Whether acting under statutory grants of authority or common fund principles, or in response to bad faith, courts should design fee-setting criteria so as not to discourage attorneys from bringing class suits. Otherwise, the usefulness of the class action as a means to full realization of substantive policy would be jeopardized. In setting fees, courts should be aware of the possibility of using the fee award to create incentives for attorneys adequately to represent class interests. On the other hand, courts should not award fees larger than the amounts which are required to fulfill this purpose. If attorneys collect more than the “reasonable value” of the services which have produced a benefit for class members, the reputation of the profession might suffer and the parties against whom fees are ultimately assessed — either the class members or the class opponent— might be unfairly burdened.

Developments in the Law — Class Actions, 89 Harv.L.Rev. 1318, 1611 (1976).
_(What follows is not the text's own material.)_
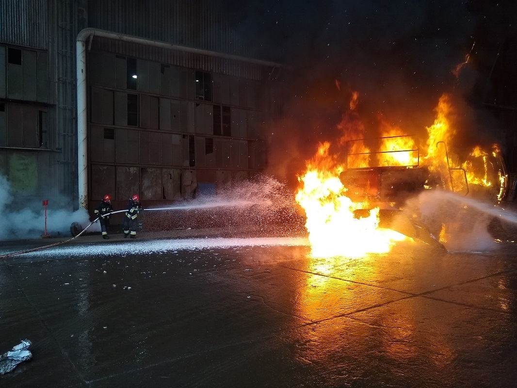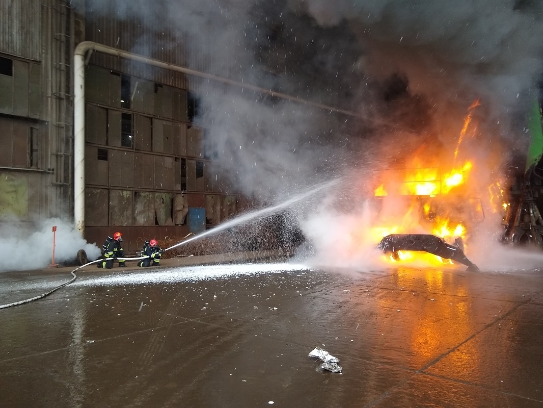Do zdarzenia natychmiast zadysponowano 4 samochody ratowniczo-gaśnicze – 12 strażaków. Po przybyciu ratowników na miejsca akcji stwierdzono, że pod metalową wiatą pali się już na całej swojej objętości ładowarka do złomu. Istniało zagrożenie rozprzestrzenienia się pożaru na pobliską halę produkcyjno-magazynową. Działania strażaków w pierwszej kolejności polegały na zabezpieczeniu miejsca zdarzenia i ugaszeniu pożaru przy pomocy dwóch prądów piany ciężkiej. Na tym działania zakończono. Akcja trwała ponad godzinę.

. Recognition of these 16 “fixed fee” agreements will necessitate reduction of the Lindy fee awarded to counsel. See Lindy II, supra, 540 F.2d at 119-20. Since these “fixed fee” agreements involve only about 5% of the class, the pro rata allocation will not result in a substantial reduction in the fee owed by any individual class member who must contribute to the Lindy fee. Therefore, we will postpone the final allocation of the Lindy fee until distribution of the fund following approval of the settlement.